--- START ---
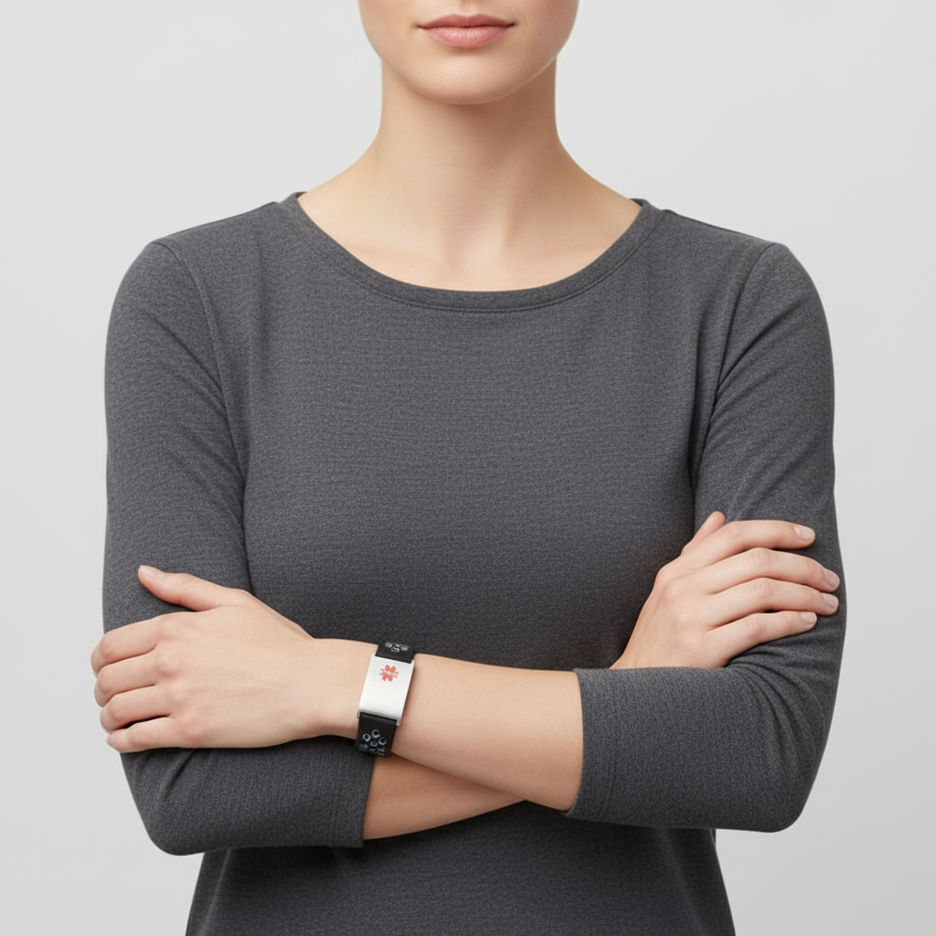It’s waterproof, lightweight, and secures with a pin-tuck closure to fit most adult wrists (6–8”). A great choice for active living and dependable medical identification.
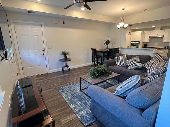 *Returned to the market as of 7/11, move in ready! 7 Day maximum hold period!* Fully Furnished Modern 2 bedroom/2 bath cozy condo with house feel having direct access to the outside. Unit features living room/dining room, kitchen with stainless steel appliances and granite counter tops, large patio, individual climate control with central air conditioning, plank wood flooring throughout, and washer/dryer. Property also features 1 car attached garage, off-street parking for residents and guests, 24-hour emergency maintenance availability, landscaped and smoke free. $1,000 deposit required with application (applied to security deposit balance if approved). Application process consists of credit check and employer & landlord verifications. Required before move-in is: first month, last month and security deposit (equal to one month's rent). Applications will not be considered without the deposit. Heat, hot water, electric and furnishings included in rental, tenants responsible for cable/internet.
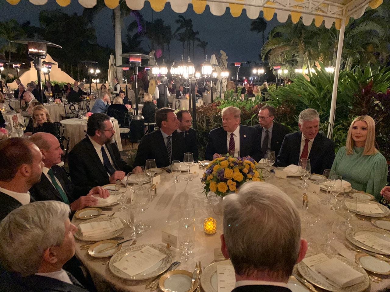 博索纳罗本月7日乘专机出访美国,当天在佛罗里达州海湖庄园与特朗普进行了会面,两人还共进晚餐,当时博索纳罗就坐在特朗普旁边。出席晚宴的还有美国副总统彭斯、特朗普的女儿伊万卡和女婿库什纳。
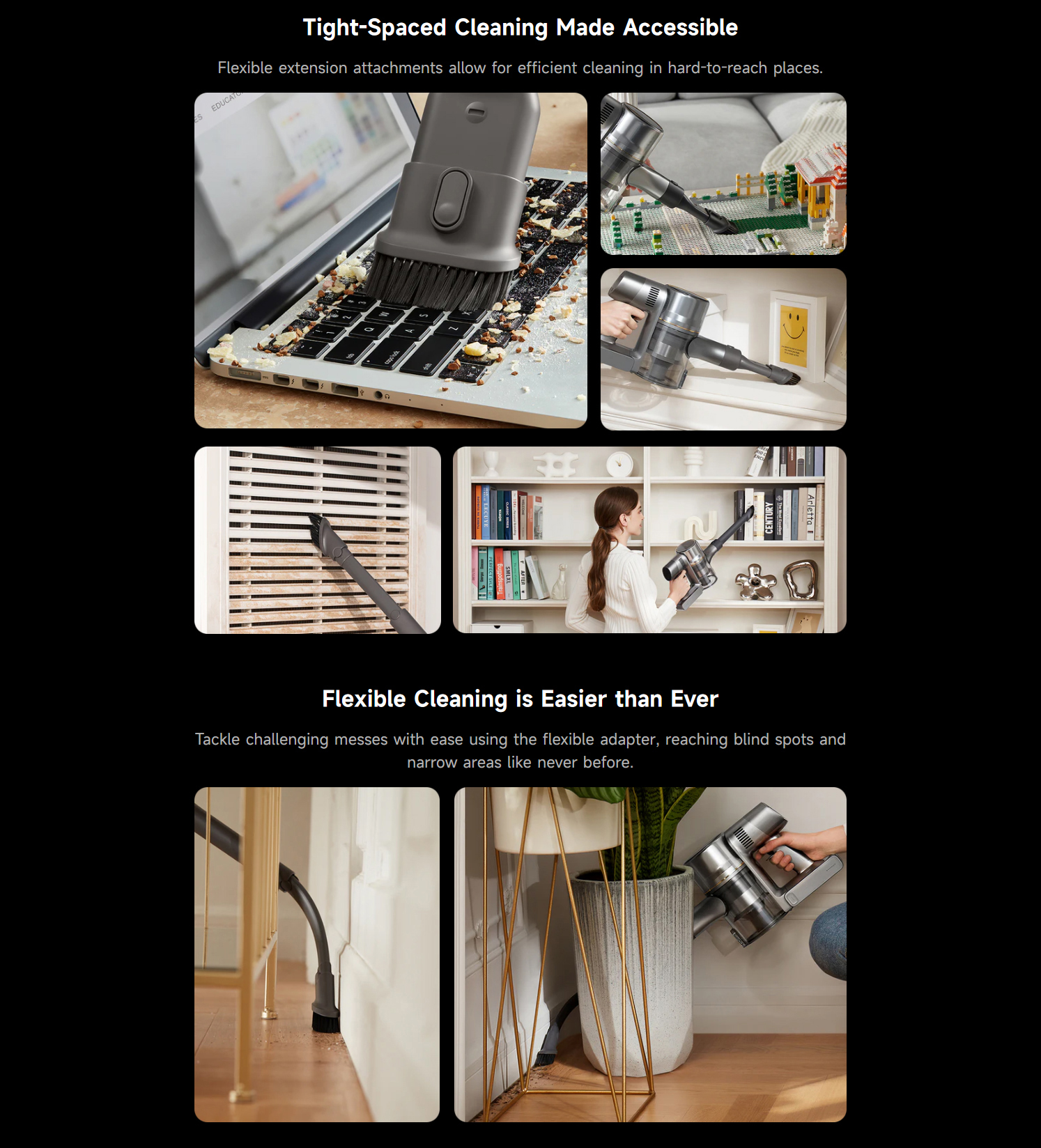 • Auto adjusts suction by dirt detection
--- END ---
- _EXERCISE DESCRIPTION_
Omit the pictures, then set down all the remaining data exactly as given.

- _ANSWER TO THIS PROBLEM_
It’s waterproof, lightweight, and secures with a pin-tuck closure to fit most adult wrists (6–8”). A great choice for active living and dependable medical identification.
 *Returned to the market as of 7/11, move in ready! 7 Day maximum hold period!* Fully Furnished Modern 2 bedroom/2 bath cozy condo with house feel having direct access to the outside. Unit features living room/dining room, kitchen with stainless steel appliances and granite counter tops, large patio, individual climate control with central air conditioning, plank wood flooring throughout, and washer/dryer. Property also features 1 car attached garage, off-street parking for residents and guests, 24-hour emergency maintenance availability, landscaped and smoke free. $1,000 deposit required with application (applied to security deposit balance if approved). Application process consists of credit check and employer & landlord verifications. Required before move-in is: first month, last month and security deposit (equal to one month's rent). Applications will not be considered without the deposit. Heat, hot water, electric and furnishings included in rental, tenants responsible for cable/internet.
 博索纳罗本月7日乘专机出访美国,当天在佛罗里达州海湖庄园与特朗普进行了会面,两人还共进晚餐,当时博索纳罗就坐在特朗普旁边。出席晚宴的还有美国副总统彭斯、特朗普的女儿伊万卡和女婿库什纳。
 • Auto adjusts suction by dirt detection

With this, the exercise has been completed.